Because there is no such thing as a meaningful use of a hyperbolic trend in any real-world economic activity: not even the computer industry can be modelled that way.

I have had quite a number of gifted students who've interned with us. They come with great math and econometric skills, and we sometimes have to beat those out of them so that they start to turn into real-world economists. My most successful students have been those who learn that they need to spend 4-5 times as much time on specifying their models as actually estimating them, and a well-specified model tells them a story that writes their analyses for them, rather than a jumble of math that no one understands, lets alone can really work with...

John

"what’s wrong with deficits that enable us to enhance national security, homeland security, and our economic vitality, without increasing the nation’s debt-to-GDP ratio?"

Nothing at all.

Unfortunately, a look at federal expenditures shows that the overwhelming majority of them are spent on no such things.

Even looking at the small minority of funds that are on budget lines that might do so, most of them in reality don't.

For instance, regarding Homeland Security firefighting grants in NY State...

"Upstate did particularly well over the last three years. The village of Philmont, between Albany and Poughkeepsie, population 1,480, got $32,500 ... The volunteer fire department in Barneveld, population 329, got $43,000.

"[New York City] got only 3 percent of the grants awarded to the state — even though the Big Apple accounts for 43 percent of the state's population....

"Barneveld, near Utica, got $131 per person, 345 times as much as what each New Yorker got..."
http://www.scrivener.net/2005/10/how-congress-protects-national.html

We may hope that the next round of terrorist attacks takes place in the upstate Utica region.

Otherwise, there's not much help for homeland security here -- yet people are paying for it.

Now, imagine the quality of the great bulk of federal spending that doesn't even pretend to aid homeland security or national defense or to invest in any way for the future.

With the quality of spending being like this, beneficial deficits seem unlikely to some of us.

Congressman Spratt will solve the problem just about the time we are running a balanced budget.

He only has about a year to study.

Personally, I think the Pork Gridlock we are seeing right now may balance the budget this year. It will be a very near thing. Either right at ballance - or within double digits of balancing.

Here is another question for Congressman Spratt...

Is there a correlation between the lower tax rates on dividends and the dramatic increase in corporate income taxes?

Let me think that one through. Kinda difficult. Here goes!!!

Maybe greedy capitalist investors want cold hard cash rather than hoping for Enron style stock price appreciation.
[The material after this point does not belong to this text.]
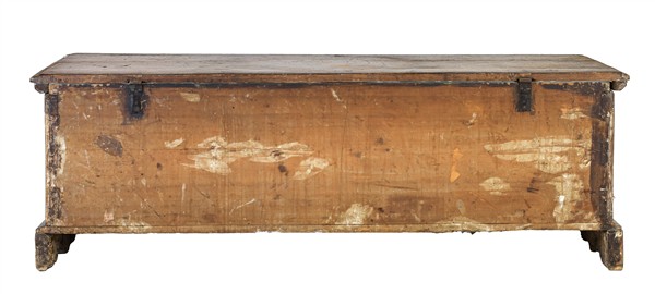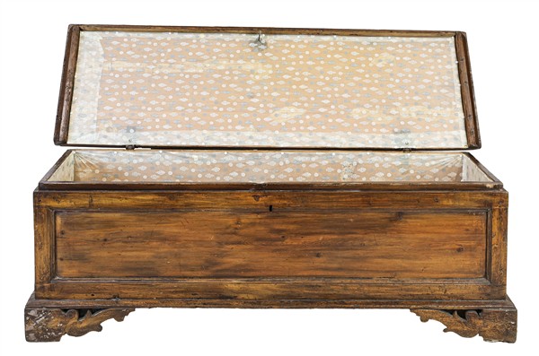 Cassapanca in legno con fronte riquadrato, piedi a mensola sagomati a motivi st
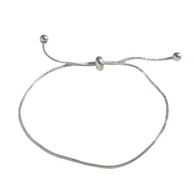 Pulseira fina em aço prateado, com fecho ajustável que garante conforto e versatilidade. Um acessório discreto e elegante, perfeito para o dia a dia ou para combinar com outras peças.

We want dividends!!! And we want them quarterly. And we want them because that cold hard cash is taxed the same as stock appreciation capital gains.

So what - I just heard Congressman Spratt ask...

Wow, you just don't get it, eh... Companies pay dividends with taxable profits. We want dividiends so EXXON has to show more profit rather than hiding profit with accounting gimmics. They show massive windfall profit, we get large dividends, and the US Treasury gets taxes on it all.

See how that works...

Now, get your eyes off the golden egg!!!